▶ **Excerpted records**
BEGIN

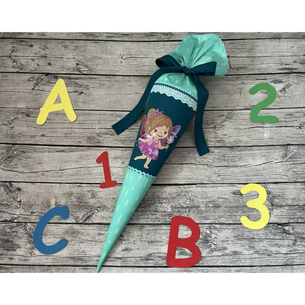 Die Schultüte ist 70cm groß, Plus der Stoff zum verschließen und genäht aus 98% Baumwolle 2%Elastan.
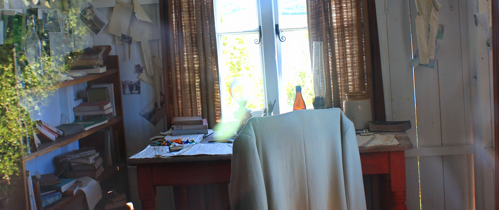 On the lane above the Boat House is a shed. This was once a small garage, but Dylan Thomas converted it into a writing room. It’s almost directly above the Boat House and enjoys the same view. What an inspiring place for a poet! Through a glass door, you can see his table, littered underneath with discarded pages of writing, his coat draped casually over the chair. I’m not sure how much of the furnishings are original, but it has a nice authentic feel to it.
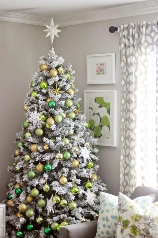Delicate ornaments in rich green and golden tones shimmer like jewels, catching every ray of light and drawing curious eyes across the room.
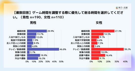・ゲームプレイのために優先して削る時間は、男女共にテレビ/動画視聴時間が最多
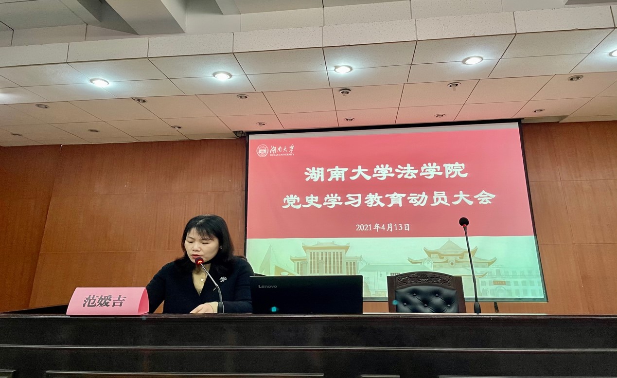 在模拟法庭召开党史学习教育动员大会,深入学习贯彻习近平总书记在全国党史学习教育大会上的重要讲话精神,落实党中央和学校关于党史学习教育的有关部署要求,动员全院师生党员认真开展党史学习教育,通过学史明理、学史增信、学史崇德、学史力行,统一思想、统一行动,从党的百年伟大奋斗历程中汲取智慧力量,在全面建设社会主义现代化国家的新征程中践行初心和使命,努力做到学党史、悟思想、办实事、开新局。
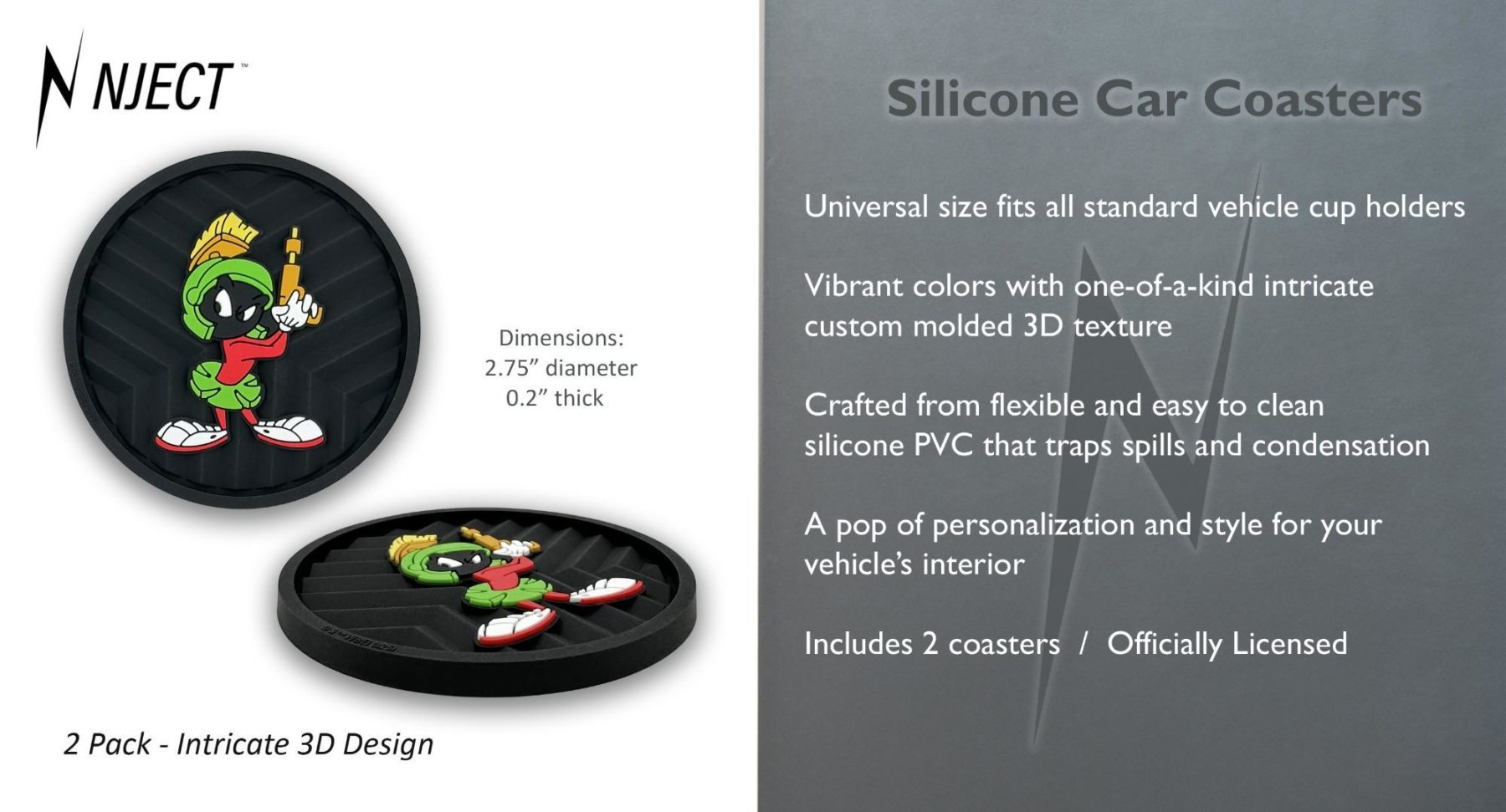 This 2-pack of silicone car coasters features a Marvin the Martian design with intricate custom molded 3D texture and bold color contrast. The raised detailing adds depth, durability, and visual impact while providing a pop of personality and style to your vehicle’s interior. Designed for everyday use, these silicone cup holder coasters combine functional protection with iconic cartoon flair in a durable automotive accessory.
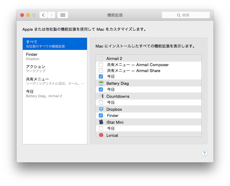 OS X Yosemiteのシステム環境設定にはMavericksには無かった「機能拡張」という項目が増えています、この機能拡張はWWDC 2014で発表された通り今までサードパーティ製アプリ個々が提供/設定していたFinder メニュー、アクション、コンテキストメニュー項目などを一括で管理できます。
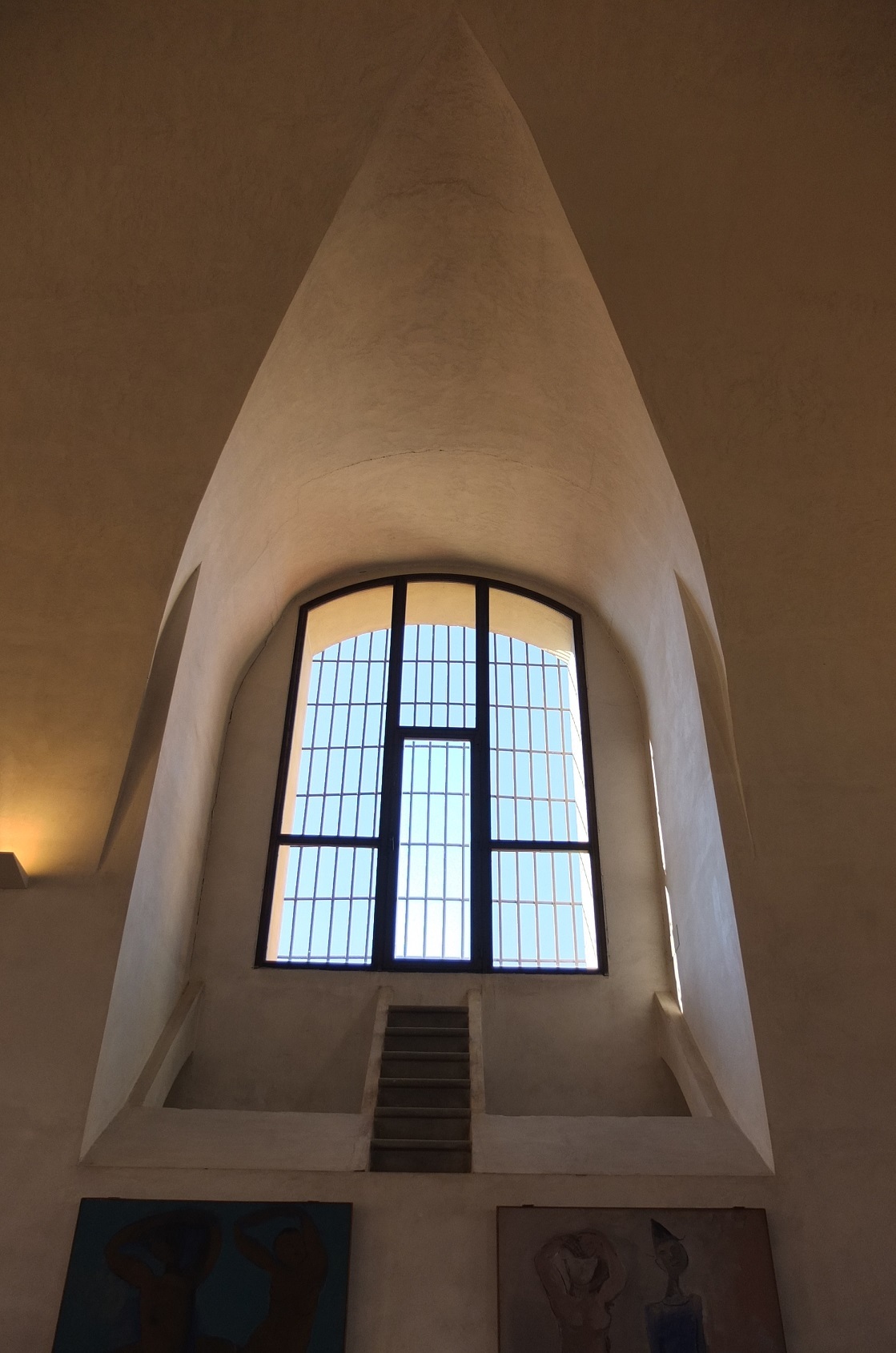 かつて、このアーチ窓にはどんなステンドグラスが入れられていたのだろうか・・と外のような内のような不思議な空間で過去に思いを走らせる…
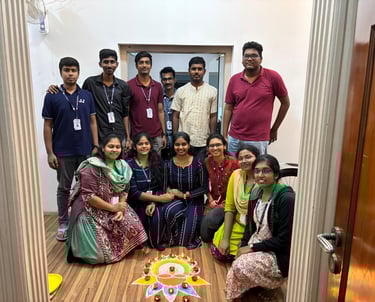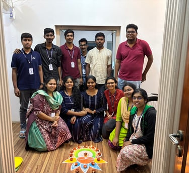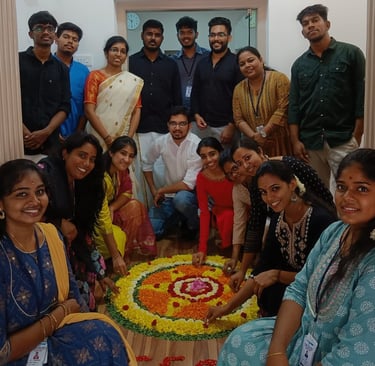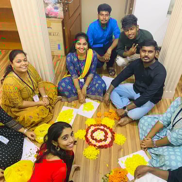 "Get ready to immerse yourself in the cultural vibrancy as the EF Support Team joyfully comes together to celebrate Onam 2023! Decked in traditional attire, our office transforms into a lively haven of colors, adorned with intricate floral decorations that capture the essence of this harvest festival. The highlight of our celebration is the traditional 'Onasadhya' feast, where we gather to savor an array of delicious dishes served on banana leaves, symbolizing unity and abundance.

END

▶ **Task objective**
Set down all the data again exactly as above, pictures excluded.

▶ **Exercise answer**
 Die Schultüte ist 70cm groß, Plus der Stoff zum verschließen und genäht aus 98% Baumwolle 2%Elastan.
 On the lane above the Boat House is a shed. This was once a small garage, but Dylan Thomas converted it into a writing room. It’s almost directly above the Boat House and enjoys the same view. What an inspiring place for a poet! Through a glass door, you can see his table, littered underneath with discarded pages of writing, his coat draped casually over the chair. I’m not sure how much of the furnishings are original, but it has a nice authentic feel to it.
Delicate ornaments in rich green and golden tones shimmer like jewels, catching every ray of light and drawing curious eyes across the room.
・ゲームプレイのために優先して削る時間は、男女共にテレビ/動画視聴時間が最多
 在模拟法庭召开党史学习教育动员大会,深入学习贯彻习近平总书记在全国党史学习教育大会上的重要讲话精神,落实党中央和学校关于党史学习教育的有关部署要求,动员全院师生党员认真开展党史学习教育,通过学史明理、学史增信、学史崇德、学史力行,统一思想、统一行动,从党的百年伟大奋斗历程中汲取智慧力量,在全面建设社会主义现代化国家的新征程中践行初心和使命,努力做到学党史、悟思想、办实事、开新局。
 This 2-pack of silicone car coasters features a Marvin the Martian design with intricate custom molded 3D texture and bold color contrast. The raised detailing adds depth, durability, and visual impact while providing a pop of personality and style to your vehicle’s interior. Designed for everyday use, these silicone cup holder coasters combine functional protection with iconic cartoon flair in a durable automotive accessory.
 OS X Yosemiteのシステム環境設定にはMavericksには無かった「機能拡張」という項目が増えています、この機能拡張はWWDC 2014で発表された通り今までサードパーティ製アプリ個々が提供/設定していたFinder メニュー、アクション、コンテキストメニュー項目などを一括で管理できます。
 かつて、このアーチ窓にはどんなステンドグラスが入れられていたのだろうか・・と外のような内のような不思議な空間で過去に思いを走らせる…
 "Get ready to immerse yourself in the cultural vibrancy as the EF Support Team joyfully comes together to celebrate Onam 2023! Decked in traditional attire, our office transforms into a lively haven of colors, adorned with intricate floral decorations that capture the essence of this harvest festival. The highlight of our celebration is the traditional 'Onasadhya' feast, where we gather to savor an array of delicious dishes served on banana leaves, symbolizing unity and abundance.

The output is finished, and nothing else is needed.